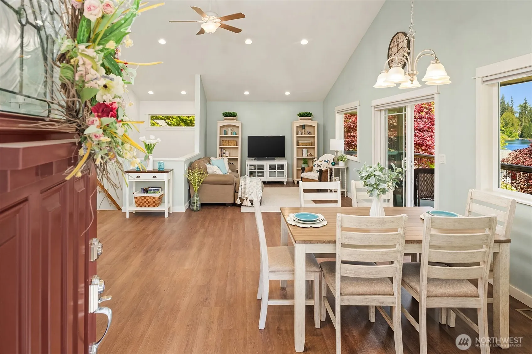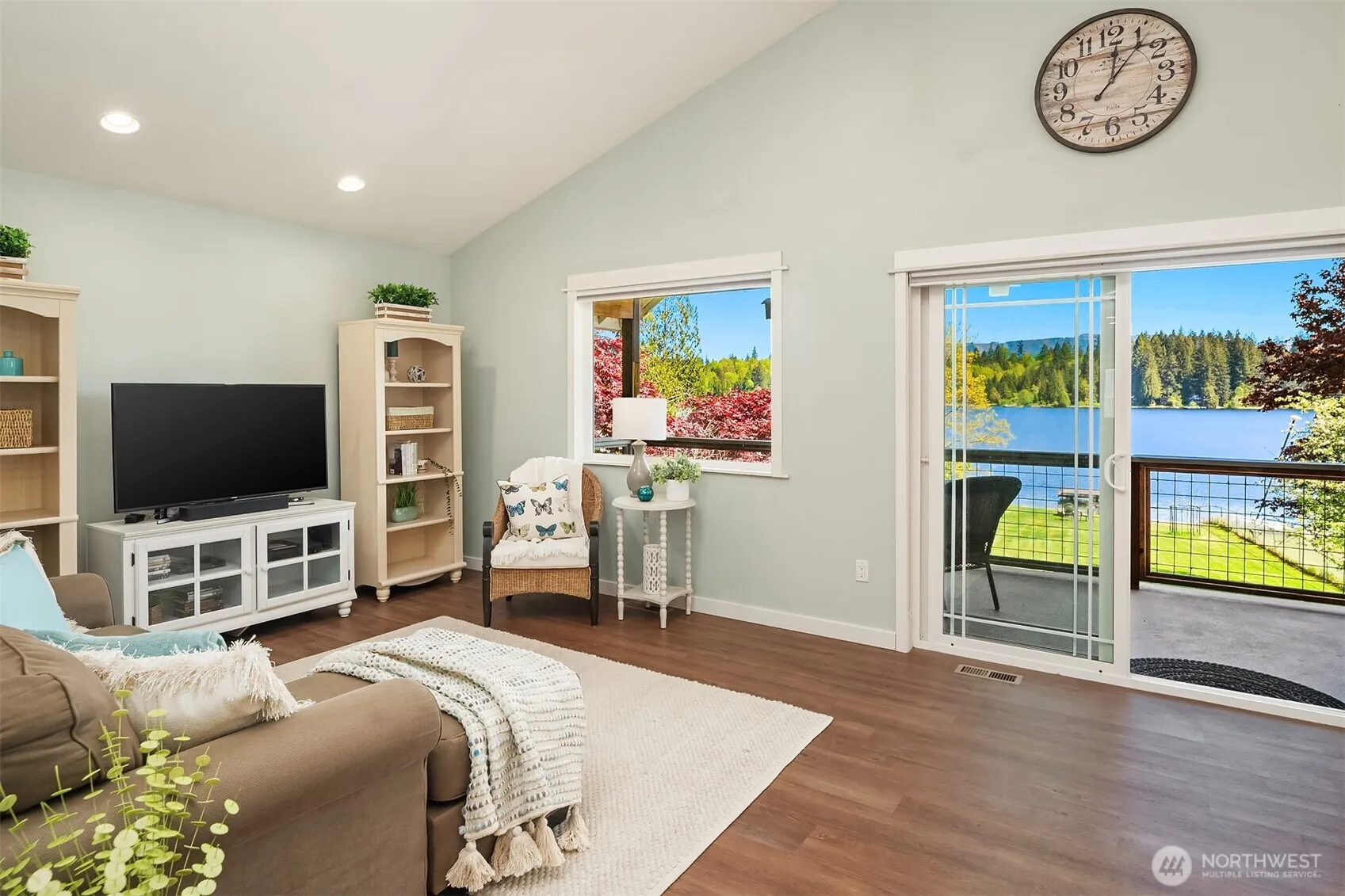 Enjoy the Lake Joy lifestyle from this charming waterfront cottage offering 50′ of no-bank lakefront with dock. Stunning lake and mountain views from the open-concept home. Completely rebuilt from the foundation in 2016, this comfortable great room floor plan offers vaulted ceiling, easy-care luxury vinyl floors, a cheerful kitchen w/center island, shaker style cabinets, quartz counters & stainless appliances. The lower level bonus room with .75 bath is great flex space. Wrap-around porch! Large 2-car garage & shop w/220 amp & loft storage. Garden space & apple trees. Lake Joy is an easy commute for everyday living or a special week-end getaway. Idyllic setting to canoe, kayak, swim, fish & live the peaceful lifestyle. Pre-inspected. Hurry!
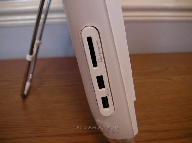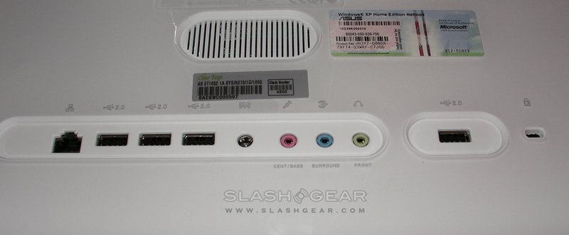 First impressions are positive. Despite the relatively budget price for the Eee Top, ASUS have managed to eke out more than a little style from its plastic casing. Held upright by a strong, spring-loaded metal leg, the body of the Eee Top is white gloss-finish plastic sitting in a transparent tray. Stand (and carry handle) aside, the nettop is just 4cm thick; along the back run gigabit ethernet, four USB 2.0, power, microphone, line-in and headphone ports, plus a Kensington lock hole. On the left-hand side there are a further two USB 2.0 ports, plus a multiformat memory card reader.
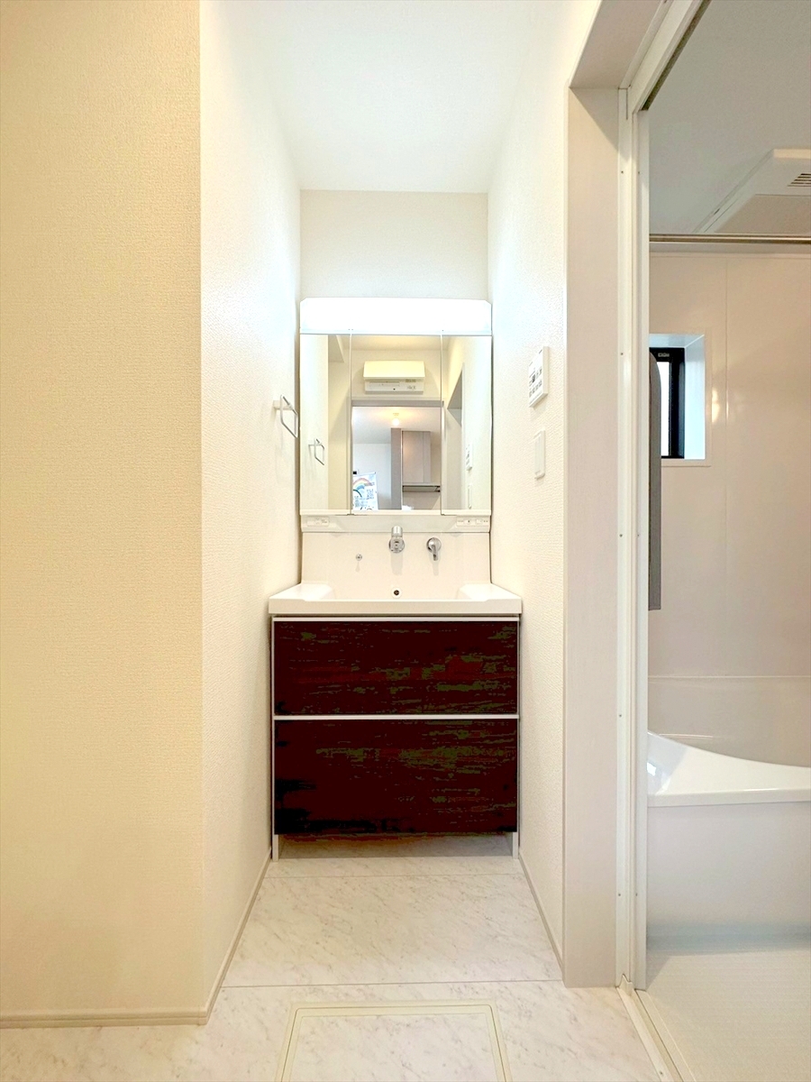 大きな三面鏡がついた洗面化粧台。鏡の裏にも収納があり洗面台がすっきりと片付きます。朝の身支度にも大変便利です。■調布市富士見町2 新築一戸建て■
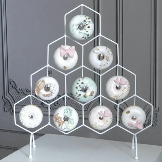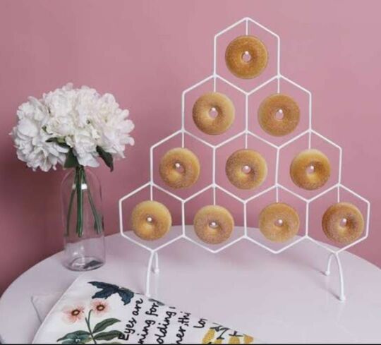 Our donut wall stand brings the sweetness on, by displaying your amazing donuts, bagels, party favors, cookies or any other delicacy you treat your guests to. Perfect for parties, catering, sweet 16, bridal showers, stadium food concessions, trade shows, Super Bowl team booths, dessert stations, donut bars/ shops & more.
════
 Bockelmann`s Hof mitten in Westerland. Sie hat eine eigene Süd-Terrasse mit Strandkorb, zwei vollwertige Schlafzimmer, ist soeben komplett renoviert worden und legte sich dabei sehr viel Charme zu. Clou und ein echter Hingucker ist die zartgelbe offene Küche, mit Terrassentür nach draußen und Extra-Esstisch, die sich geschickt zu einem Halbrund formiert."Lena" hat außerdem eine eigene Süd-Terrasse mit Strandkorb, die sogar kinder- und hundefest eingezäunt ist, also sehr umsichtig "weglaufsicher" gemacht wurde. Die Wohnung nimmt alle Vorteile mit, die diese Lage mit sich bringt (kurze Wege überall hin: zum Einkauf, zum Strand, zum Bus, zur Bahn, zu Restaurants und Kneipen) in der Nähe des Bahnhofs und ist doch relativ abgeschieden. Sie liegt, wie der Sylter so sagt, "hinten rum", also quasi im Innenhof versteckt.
════
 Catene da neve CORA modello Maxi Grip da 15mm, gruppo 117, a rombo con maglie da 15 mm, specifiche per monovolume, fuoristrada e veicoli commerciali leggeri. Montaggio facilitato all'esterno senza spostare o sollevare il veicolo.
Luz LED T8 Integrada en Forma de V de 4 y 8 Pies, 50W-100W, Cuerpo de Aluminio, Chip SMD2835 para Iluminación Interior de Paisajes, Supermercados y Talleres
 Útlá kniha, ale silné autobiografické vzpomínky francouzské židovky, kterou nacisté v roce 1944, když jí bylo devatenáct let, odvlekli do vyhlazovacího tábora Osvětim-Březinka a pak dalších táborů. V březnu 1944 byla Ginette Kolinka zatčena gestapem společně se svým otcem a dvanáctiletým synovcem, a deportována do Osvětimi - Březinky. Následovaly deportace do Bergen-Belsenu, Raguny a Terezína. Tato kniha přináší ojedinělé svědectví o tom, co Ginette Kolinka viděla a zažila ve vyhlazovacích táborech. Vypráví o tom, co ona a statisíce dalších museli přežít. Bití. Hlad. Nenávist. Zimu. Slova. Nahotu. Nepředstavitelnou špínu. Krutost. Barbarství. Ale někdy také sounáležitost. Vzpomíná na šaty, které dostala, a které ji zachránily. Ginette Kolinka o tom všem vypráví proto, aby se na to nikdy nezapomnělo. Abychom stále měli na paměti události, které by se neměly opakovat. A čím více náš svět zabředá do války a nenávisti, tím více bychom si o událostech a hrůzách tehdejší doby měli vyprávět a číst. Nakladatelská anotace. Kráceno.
════
Using the material above, transcribe exactly the lines from the one holding "First impressions are" to the one holding "Our donut wall", both ends kept. Do not carry over any pictures.

 First impressions are positive. Despite the relatively budget price for the Eee Top, ASUS have managed to eke out more than a little style from its plastic casing. Held upright by a strong, spring-loaded metal leg, the body of the Eee Top is white gloss-finish plastic sitting in a transparent tray. Stand (and carry handle) aside, the nettop is just 4cm thick; along the back run gigabit ethernet, four USB 2.0, power, microphone, line-in and headphone ports, plus a Kensington lock hole. On the left-hand side there are a further two USB 2.0 ports, plus a multiformat memory card reader.
 大きな三面鏡がついた洗面化粧台。鏡の裏にも収納があり洗面台がすっきりと片付きます。朝の身支度にも大変便利です。■調布市富士見町2 新築一戸建て■
 Our donut wall stand brings the sweetness on, by displaying your amazing donuts, bagels, party favors, cookies or any other delicacy you treat your guests to. Perfect for parties, catering, sweet 16, bridal showers, stadium food concessions, trade shows, Super Bowl team booths, dessert stations, donut bars/ shops & more.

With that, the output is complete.